Thursday, March 08, 2007

It's time for a new Defence Minister

liberal catnip has been all over this for some time now. And now, the International Committee of the Red Cross has confirmed that Canadian Defence Minister Gordon O'Connor does not have his facts straight.
The International Committee of the Red Cross confirmed Wednesday that it has no role in monitoring the Canada-Afghanistan detainee-transfer agreement, in direct contradiction to assurances Defence Minister Gordon O'Connor has made to the House of Commons.

The Red Cross also said that it would never divulge to Ottawa any abuses it might identify in Afghan prisons.

"We were informed of the agreement, but we are not a party to it and we are not monitoring the implementation of it," Simon Schorno, a spokesman for the ICRC, said in an interview.

In his most explicit statement to the House of Commons on May 31, Mr. O'Connor said: "The Red Cross or the Red Crescent is responsible to supervise their treatment once the prisoners are in the hands of the Afghan authorities. If there is something wrong with their treatment, the Red Cross or Red Crescent would inform us and we would take action."

That's not the truth.

It now puts into question the entire process of dealing with prisoners captured by Canadian Forces in Afghanistan. The truth is, the ICRC monitors the treatment of prisoners under international guidelines. If they detect prisoner abuse they issue a report, usually in a confidential manner, to all parties involved. The ICRC would be violating the mandate set out for them if they were to enter into any specific agreement with any belligerent involved.

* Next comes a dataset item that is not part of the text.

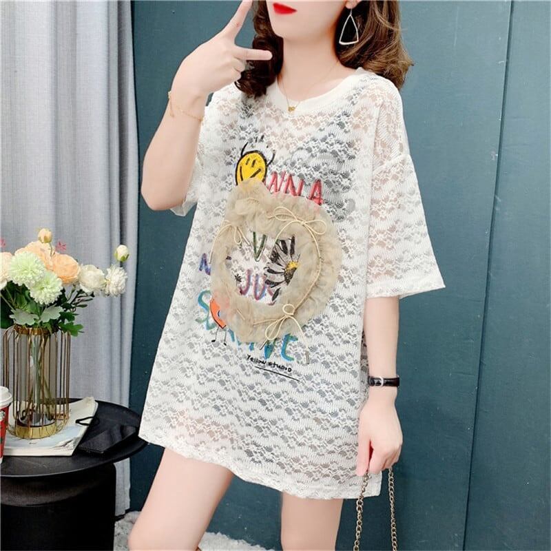 デザイン感 チャーミング 透かし彫り プリント Tシャツ カットソー<ins-3199>

O'Connor's suggestion that the ICRC supervises the treatment of prisoners is patently false. The ICRC monitors conditions under which prisoners are held and issues public reports while confidentially reminding the belligerent parties of their obligations under Third and Fourth Geneva Conventions.

O'Connor is a retired brigadier-general. He knows all this. Or, at least he should.

This has been the ICRC mandate in this regard for as far back as I can remember:

The International Committee of the Red Cross (ICRC) is mandated by the High Contracting Parties to the Geneva Conventions to monitor the full application of and respect for the Third and Fourth Geneva Conventions regarding the treatment of persons deprived of their liberty. The ICRC reminds the High Contracting Parties concerned, usually in a confidential way, of their humanitarian obligations under all four Geneva Conventions, in particular the Third and Fourth Geneva Conventions as far as treatment of persons deprived of their liberty is concerned and under Protocol 1 of 1977 additional to the Geneva Conventions, confirmed and reaffirmed rules of customary law and universally acknowledged principles of humanity.
Whether O'Connor is demonstrating a lack of knowledge of the ICRC position, or whether he is deliberately misleading Canadians is of little concern at this point. It is enough to demand his resignation as Minister of National Defence.